Are you supposed to be able to spot the supernova?

All I've noticed is a couple of small stars that disappear in the latter photo, but this mostly seems to be because it's more blurry.

piaste 4/15/2025||
Use the cross-eye trick to superimpose the two pictures, then it becomes quickly noticeable as it will appear to blink.
pansa2 4/15/2025||
Bottom-left corner
deadbabe 4/15/2025||
Can the thread title be rewritten to be less obnoxious? “How many supernova explode every year?” is fine. This isn’t Reddit. Thread titles should not imply some kind of personality or use cliche meme speak. The all caps is definitely an abomination.
fooker 4/15/2025||
Please read the article along with bikeshedding titles. It's a good one.
bonoboTP 4/15/2025|||
The article itself is also written in that kind of quirky meme personality tone. I guess some find it relatable and humorous. Others (like me) find it obnoxious. Matter of taste or perhaps of age bracket. This is the text version of "Youtube voice", which is also evidently successful but not all like it.
deadbabe 4/15/2025|||
No. The title sounds like low effort clickbait trash.
9rx 4/15/2025||
Clickbait is appealing. This sounds like the opposite.
Timwi 4/15/2025||
Agree. For the record (in case it gets changed), the title at time of writing is “Wait. HOW MANY supernova explode every year?”.
lifeisstillgood 4/15/2025|
No wonder the Millennium Falcon takes so longer to calculate its jump to hyperspace.

Tens of thousands a year is one an hour!

There are so many supernovae you really could bounce too close to one and that would end your trip real quick

ninkendo 4/15/2025|
Star Wars takes place entirely within one galaxy, and the number of supernova per galaxy is something like 1 per century, so, nah, Han was just bullshitting to stall for time while his busted-ass computer cobbled together numbers.
wruza 4/15/2025|||
Most movies don't even leave our stellar vicinity, because they want to use hyped star/constellation names and these are from the very local set of stars. Not only a naked eye sees only around a few thousands stars, but most of them are basically next door. The mean distance to the star that you can see is <1% of galaxy size. Almost everything you see is in a 10px circle on the 1080p fullscreen galaxy map.
IggleSniggle 4/15/2025|||
Not only that, it happened a long long time ago. I'm no astronomer; would that be more or less supernovae?
Wobbles42 4/15/2025||
Indeed. They didn't say it happened an "int" time ago. They didn't even say a "long" time ago. They said a "long long" time. I'd have to pull up a copy of the C standard to be sure, but even if the units of "time" are plank times, I suspect the implications could easily be that the story occurs before the big bang.
BenjiWiebe 4/15/2025||
I suspect you're thinking of a double (floating point). A long long is only a 64 bit integer.

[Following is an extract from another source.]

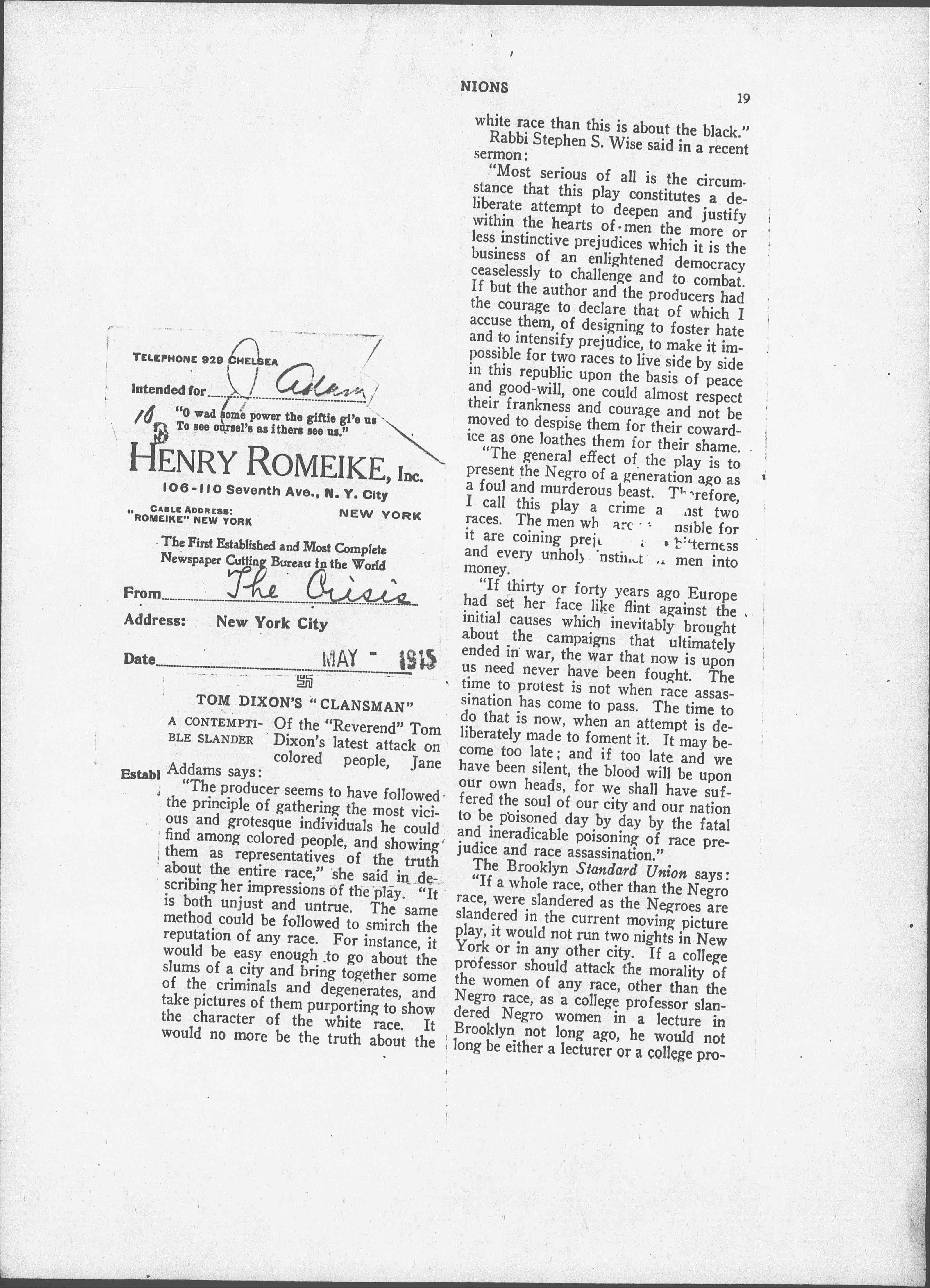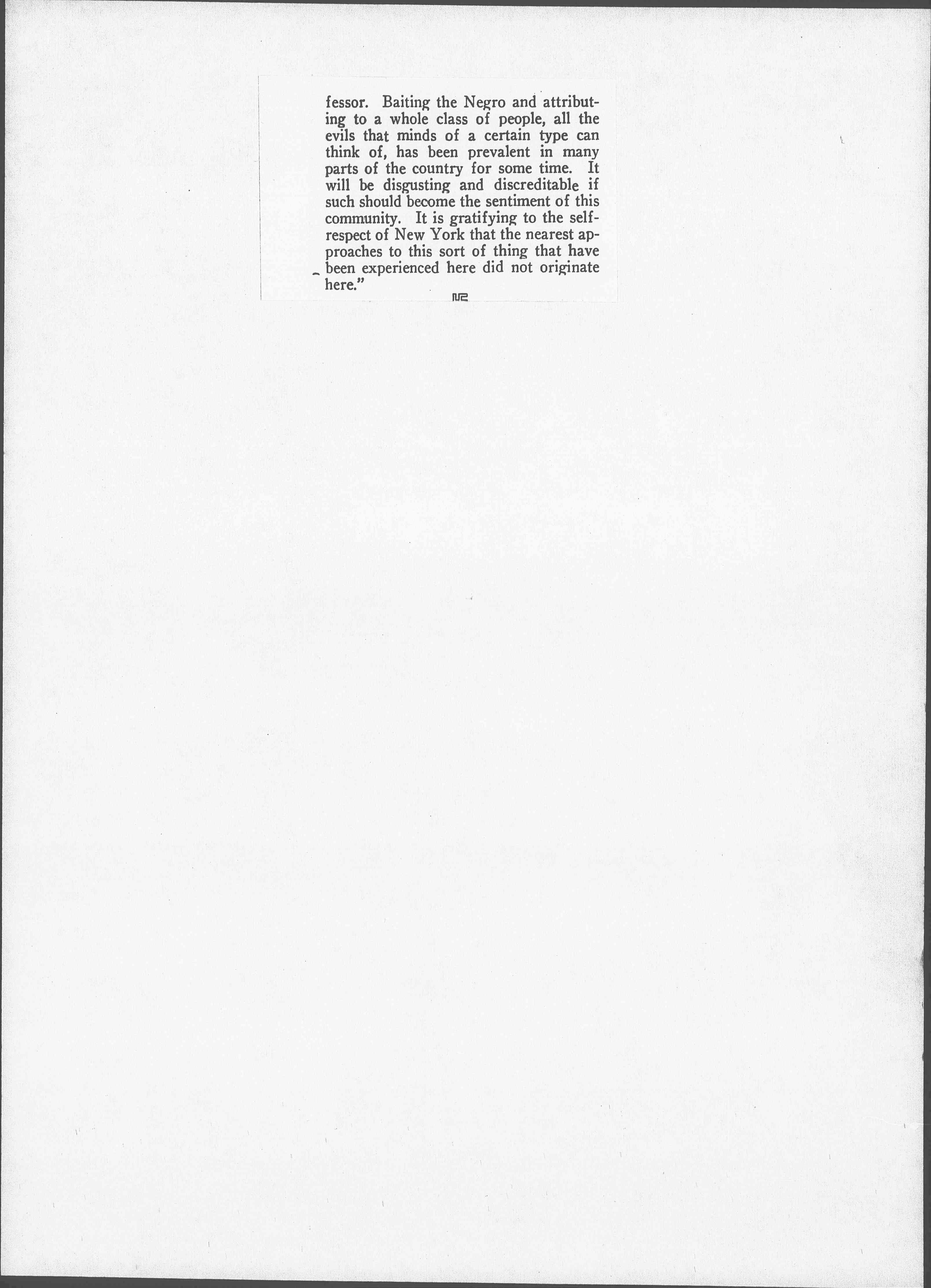 "If a whole race, other than the Negro race, were slandered as the Negroes are slandered in the current moving picture play, it would not run two nights in New York or in any other city. If a college professor should attack the morality of the women of any race, other than the Negro race, as a college professor slandered Negro women in a lecture in Brooklyn not long ago, he would not long be either a lecturer or a college professor. Baiting the Negro and attributing to a whole class of people, all the evils that minds of a certain type can think of, has been prevalent in many parts of the country for some time. It will be disgusting and discreditable if such should become the sentiment of this community. It is gratifying to the self-respect of New York that the nearest approaches to this sort of thing that have been experienced here did not originate here."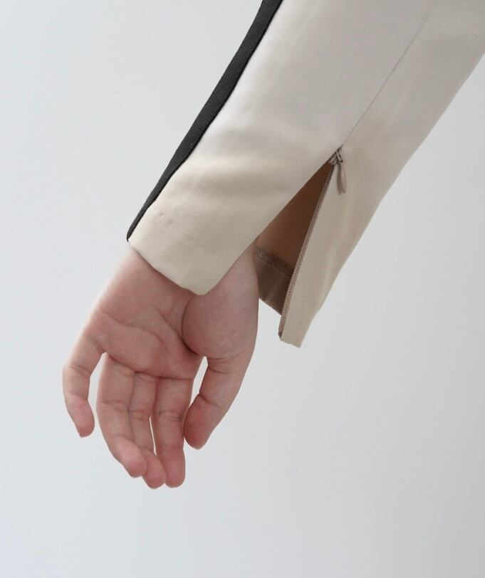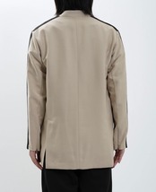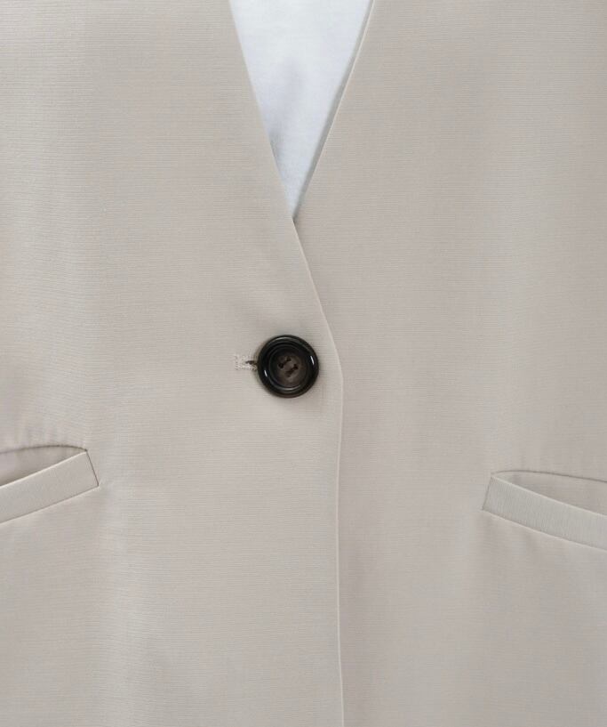 かちっとしたノーカラージャケットながら肩のラインで遊び心を加え、どんなボトムでも合わせやすいカジュアルウエアに昇格したジャケット。

2^64 planck times is 9.9e-25 seconds. Planck times are really tiny.

2^64 nanoseconds is 584 years.

Wobbles42 4/23/2025||
Oh, you're right! I do remember doing this calculation with integers at some point. I might have been using something like a UUID as my bitfield length.

The context was timestamps -- I (playfully) figured out how many bits we'd need to count Planck times before the expected heat death of the universe, thus being truly future proof. I was expecting the answer to be a rediculous number, but in fact it was more in the "not efficient, but definitely feasible" range.

Floating point gets us there too, of course, but it has its own drawbacks and it isn't nearly as funny.